4    “If an Israelite's donkey or cow has fallen down, don't ignore it; help him get the animal to its feet again.
5    “Women are not to wear men's clothing, and men are not to wear women's clothing; the Lord your God hates people who do such things.
6    “If you happen to find a bird's nest in a tree or on the ground with the mother bird sitting either on the eggs or with her young, you are not to take the mother bird. 
7    You may take the young birds, but you must let the mother bird go, so that you will live a long and prosperous life.
8    “When you build a new house, be sure to put a railing around the edge of the roof. Then you will not be responsible if someone falls off and is killed.
9    “Do not plant any crop in the same field with your grapevines; if you do, you are forbidden to use either the grapes or the produce of the other crop.

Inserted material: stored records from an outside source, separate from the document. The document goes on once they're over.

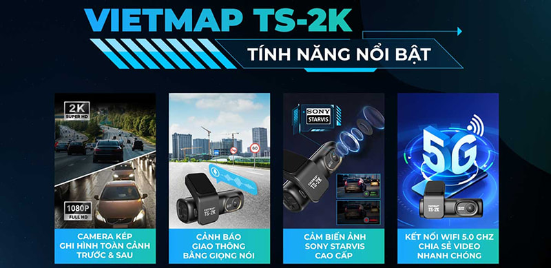 Nếu bạn đang có nhu cầu tìm mua camera hành trình nhỏ gọn, ghi hình chất lượng cao mà vẫn đảm bảo tính thanh lịch, sang trọng cho nội thất xe thì VIETMAP TS-2K là sự lựa chọn hoàn hảo. Thực tế, thiết bị có khả năng ghi hình toàn cảnh trước sau đạt độ phân giải Super HD 2K ở camera trước và Full HD 1080p ở camera sau.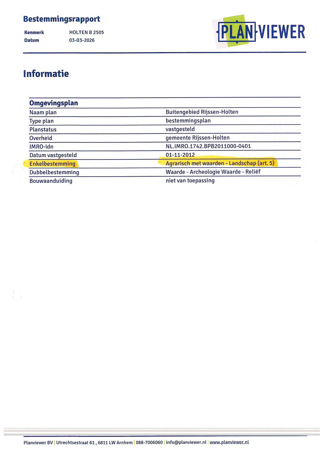 BESTEMMING: “AGRARISCH MET WAARDEN – LANDSCHAP”.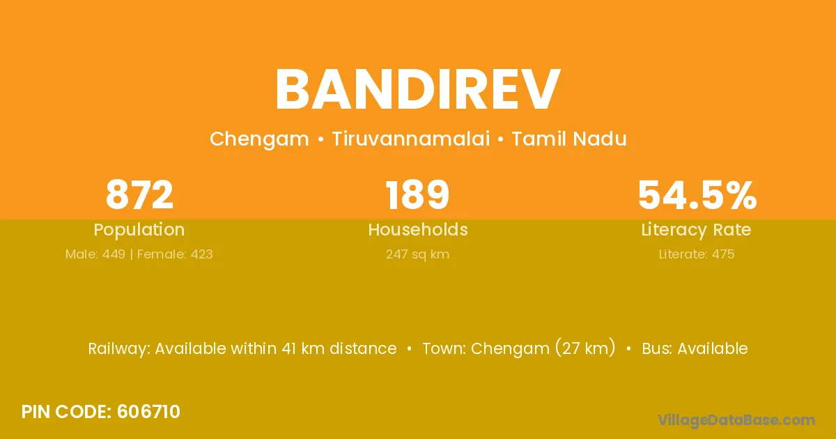 Chengam (27 km) is the nearest town to Bandirev village for major economic activities and is located approximately 27 km away.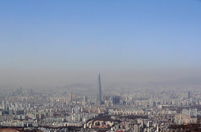 황사 영향 등으로 서울지역 미세먼지 농도가 나쁨 수준을 보인 17일 남한산성에서 바라본 서울 하늘이 위, 아래로 상반된 모습을 나타내고 있다.
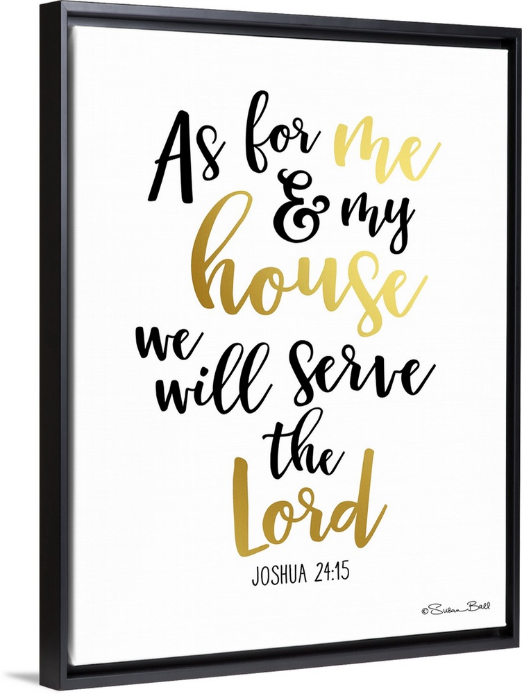 <p>Bible verse Joshua 24:15 in black and gold script on white.</p>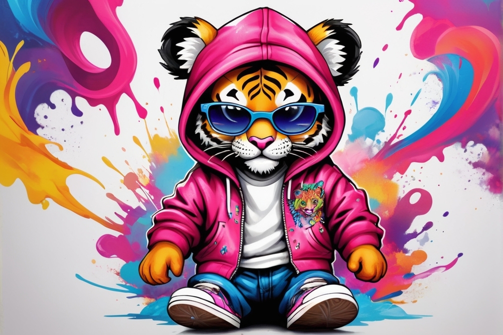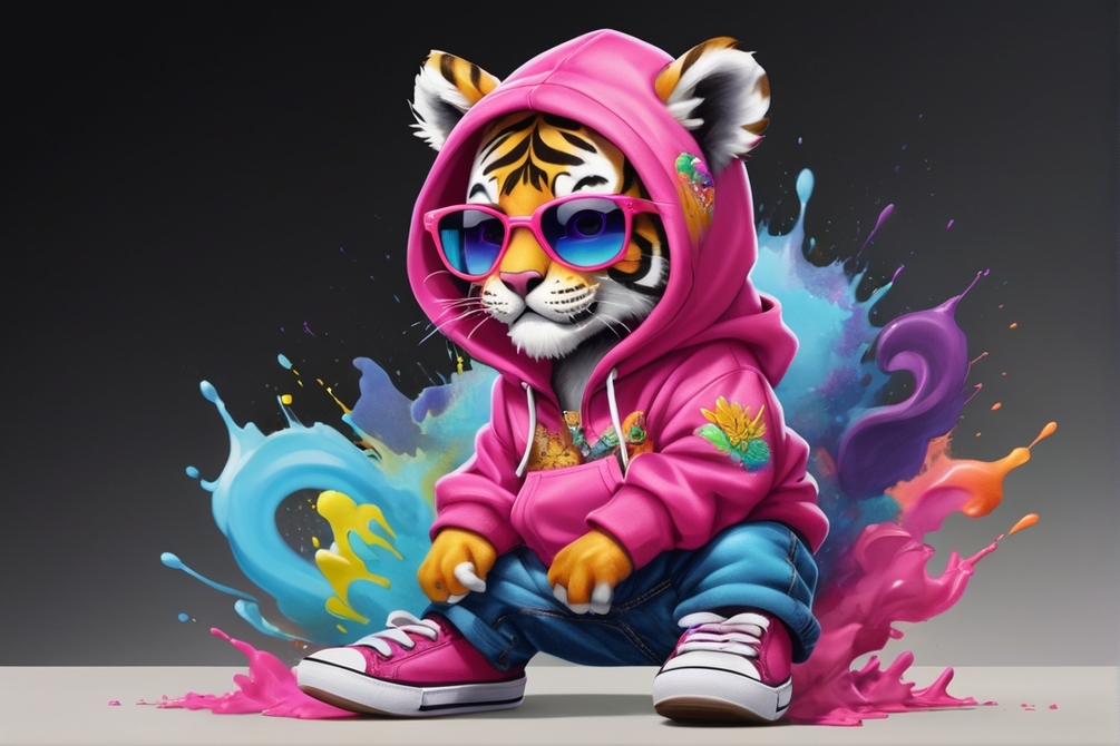 Pack of 16 baby tiger photos in a hoodie and sweat pants

10  “Do not hitch an ox and a donkey together for plowing.
11  “Do not wear cloth made by weaving wool and linen together.
12  “Sew tassels on the four corners of your clothes.

ACTS 24:1-9
PAUL IS ACCUSED BY THE JEWS
1  Five days later the High Priest Ananias went to Caesarea with some elders and a lawyer named Tertullus. They appeared before Governor Felix and made their charges against Paul. 
2  Then Paul was called in, and Tertullus began to make his accusation, as follows:
“Your Excellency! Your wise leadership has brought us a long period of peace, and many necessary reforms are being made for the good of our country. 
3  We welcome this everywhere and at all times, and we are deeply grateful to you. 
4  I do not want to take up too much of your time, however, so I beg you to be kind and listen to our brief account. 
5  We found this man to be a dangerous nuisance; he starts riots among Jews all over the world and is a leader of the party of the Nazarenes. 
6  He also tried to defile the Temple, and we arrested him. 
7-8  If you question this man, you yourself will be able to learn from him all the things that we are accusing him of.” 
9   The Jews joined in the accusation and said that all this was true.